Buckle your seatbelts for this laugh marathon featuring improv from three energetic Chapel Hill dudes, five very funny ladies, and two local guys who prove that reading the dictionary can be fun.
Google improv group Black Ops, and you won't find much of a description to work with. Comprised of Brandon Holmes, Vinny Valdivia, and Kit FitzSimons, the trio's bio only says that their shows may involve such covert tactics like wiretapping and burglary. We talked to one of the mystery men, Holmes, to find out all of Black Ops' secrets.
"The great thing about doing improv at this point in history is that the community is large enough to affect the larger comedy landscape," Holmes says.

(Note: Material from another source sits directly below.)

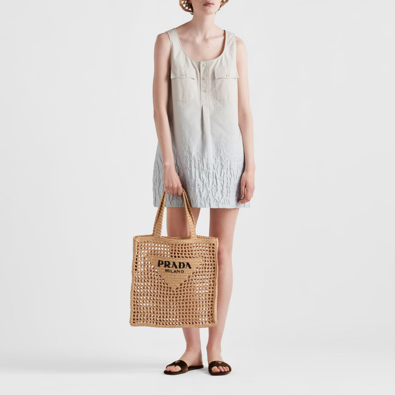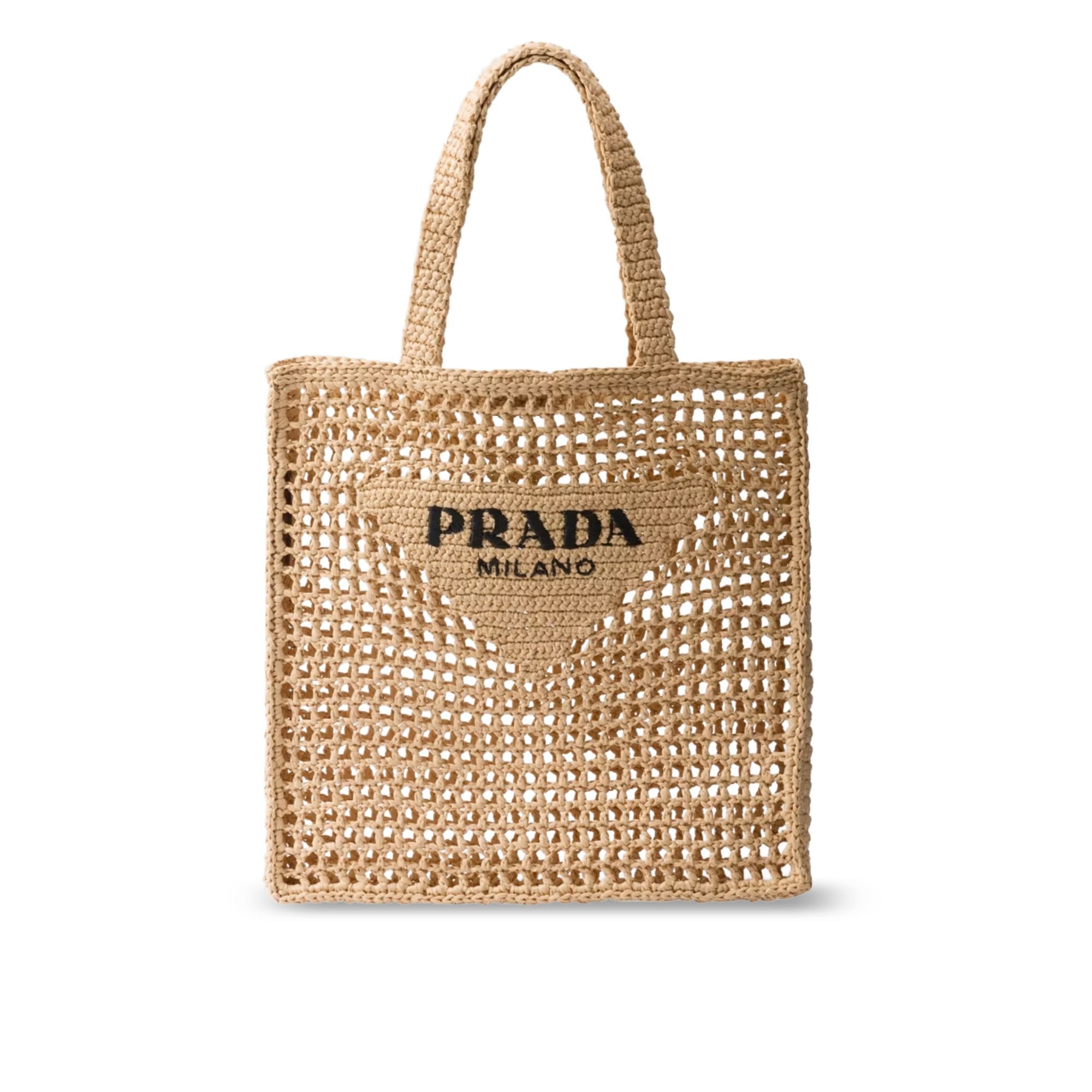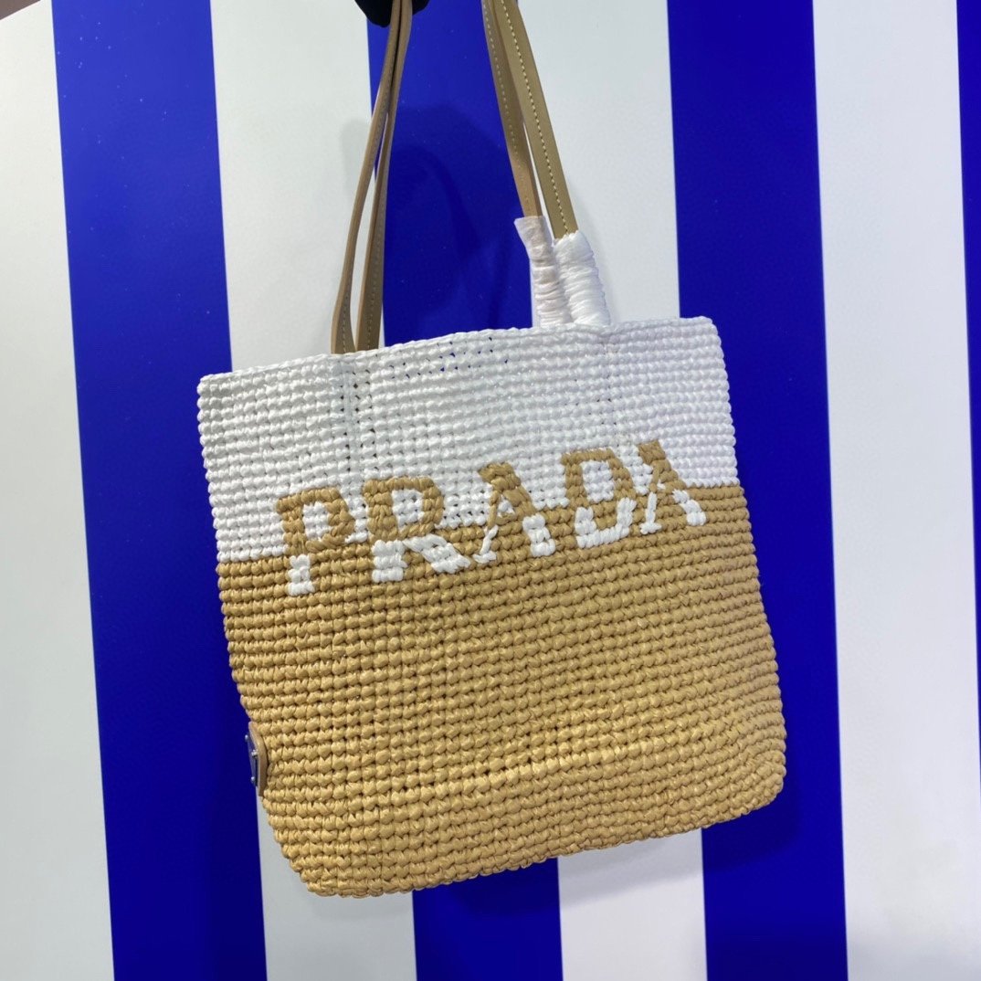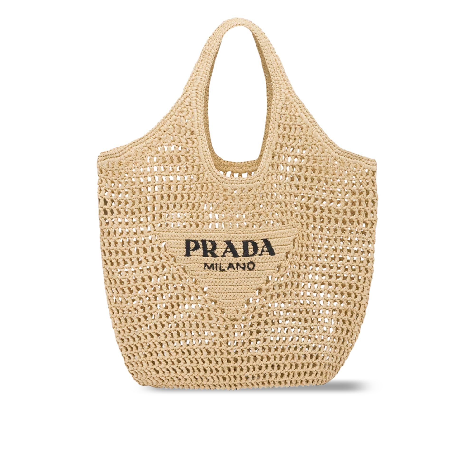 Prada Natural Crochet Logo Tote Bag Beach Bag 38 cm

Members of Chapel Hill's Dirty South Improv Comedy Theater, the guys debut their road show at CCF. It's a show Holmes calls "high energy." When asked to clarify Holmes laughs, adding, "It's high intensity without cartwheels." Noted.
The members of Black Ops have all been performing improv at Dirty South for at least five years, so while their three-man formation is new, they've been working together for a long time. So how do they keep things interesting? "We do a lot of fun and varied characters," says Holmes. "We do pretty quick and short scenes for a big impact."
Calling Theatre 99 a stalwart in the Southeastern comedy scene, he acknowledges the interconnectedness of Lowcountry comedy. A native of Columbia, S.C., Holmes says that the improv scene is both big and small enough to follow him wherever he goes, adding, "The icing on the cake is getting to meet big comedians."
Panties in a Twist, an all-female sketch comedy group based in Norfolk, Va. sold out concert space the NorVa with their performance last year. That's kind of like selling out Charleston's Music Farm, which is a big damn deal for any comedy group. The gals expand once a year for a big show featuring performances from as many as 30 locals, comedians and otherwise. The downsized group of five women will travel to Charleston.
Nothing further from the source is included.